第十五章


    九君伸出手,站在一旁的瑰鳥將鑰匙放到她手裏,沉重的鐵鎖落下,瑰鳥打開門,九君越過牢籠走到她的身旁。


    看她如此容易的走了進來,樂瑩眼中滑過一絲錯愕,隨後慢慢的歸為平靜,眼神有些空洞,隻是道:“笑笑還好嗎?”


    九君挨著草堆席地而坐,哪怕地麵的塵土染髒了淺色的裘衣也毫不在意,窗外清冷的月色從牆上的空窗之中映進牢房內,兩個人宛若許久未見的老友一般,好像這裏並不是牢房,而是讓二人暢談的一片草地。


    “目前很安全。”九君迴道


    樂瑩目光柔和,聲音略顯顫抖,“多謝。”


    “你似乎並不驚訝我會來。”九君轉頭看她


    她受了很重的傷,平躺在枯草上,眼睛直勾勾的盯著昏暗天花板,“初見時,便覺得你不是個普通人,後來這種感覺隨著見麵日漸增加,如今看你能隨意進出重兵把守的天牢,也是理所當然了,想來你若不是皇親國戚,也非富即貴,定是手握大權之人。”


    九君淡笑,“我若是皇親國戚,那豈不是成了你的仇人。”


    樂瑩微微搖頭,一時咳意上湧,輕咳兩聲,嗓中的有股淡淡的血氣腥甜,“對我來說,阿九就是阿九,贈我花贈我琴的朋友,阿九。”


    九君心中微微一動,一種從未感受過的異樣的情感在心頭化開,她啞聲道:“樂瑩,你還愛他嗎?”


    像是突如其來的沉默,卻又是意料之中的沉默,似乎過了良久,她才緩緩開口道:“愛,可是阿九,現在的他,我已經愛不起了。”


    因為愛他,所以不顧勸阻,執意上京找他,賠上了父親,祖母,叔叔乃至樂家上上下下幾百口的性命,因為愛他,不相信他會背信諾言,卻讓樂家的基業毀於一旦,所有的一切,所有的不幸,隻是因為她愛他,這樣的愛,要她如何繼續。


    “樂瑩,還記得我曾經跟你說過的話嗎?”


    樂瑩含笑點頭,“記得,阿九,我心已死,相信那位公主留我一條性命也不過是權宜之計,她與元琛大婚之後,我定將會命不久矣,將死之人,要什麽你拿去便是。
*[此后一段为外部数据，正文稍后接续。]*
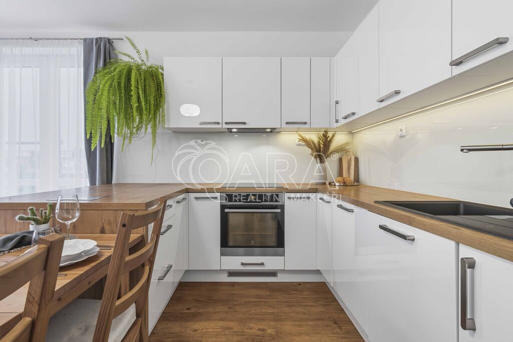 Nabízím ke koupi moderní byt o dispozici 3+kk a výměře užitné plochy 83,2 m², který se nachází v oblíbené lokalitě Horoměřice, v rezidenčním projektu z roku 2018. K bytu náleží prostorná terasa o velikosti 49,8 m², garážové stání a sklep (3,2 m²). Byt je situován v 5. nadzemním podlaží s výtahem a nabízí praktické uspořádání...prostorný obývací pokoj s kuchyňským koutem, ložnici, dětský pokoj, koupelnu s vanou a sprchovou zástěnou, samostatné WC a vstupní chodbu.

”


    “你恨他們嗎?”


    她映著月光,臉色蒼白如紙,“恨,恨她橫刀奪愛,還要對樂家趕盡殺絕,恨元琛背棄信義,屈服在利益與權力之下,休妻另娶,但我更恨我自己,明知他已背叛諾言,還不顧家人勸阻,執意而行,害死了親人。”


    九君抿唇,“樂瑩”她目光如炬,黑夜中宛若繁星,“我若是想拿走你對他的愛呢?”


    身旁的人忽然一滯,又慢慢的傳來淺淺的低笑聲,像是胸腔中發出的一般,漸漸的笑聲越來越大,變成了歇斯底裏,“愛不起,恨不得,愛恨之間變成了個怨字,你若想要就拿走吧。”


    那雙眸子依舊空洞,沒有靈魂,像是那朵凋零的曼沙珠華,支離破碎。


    九君淡淡的看著地上的月光,寒風從牆上的空窗吹進牢內,顯得更加陰冷,九君解開身上的皮毛披肩,將它蓋在一旁的人身上,卻留不住一絲暖意,“樂瑩,你相信這世界上有來世嗎?”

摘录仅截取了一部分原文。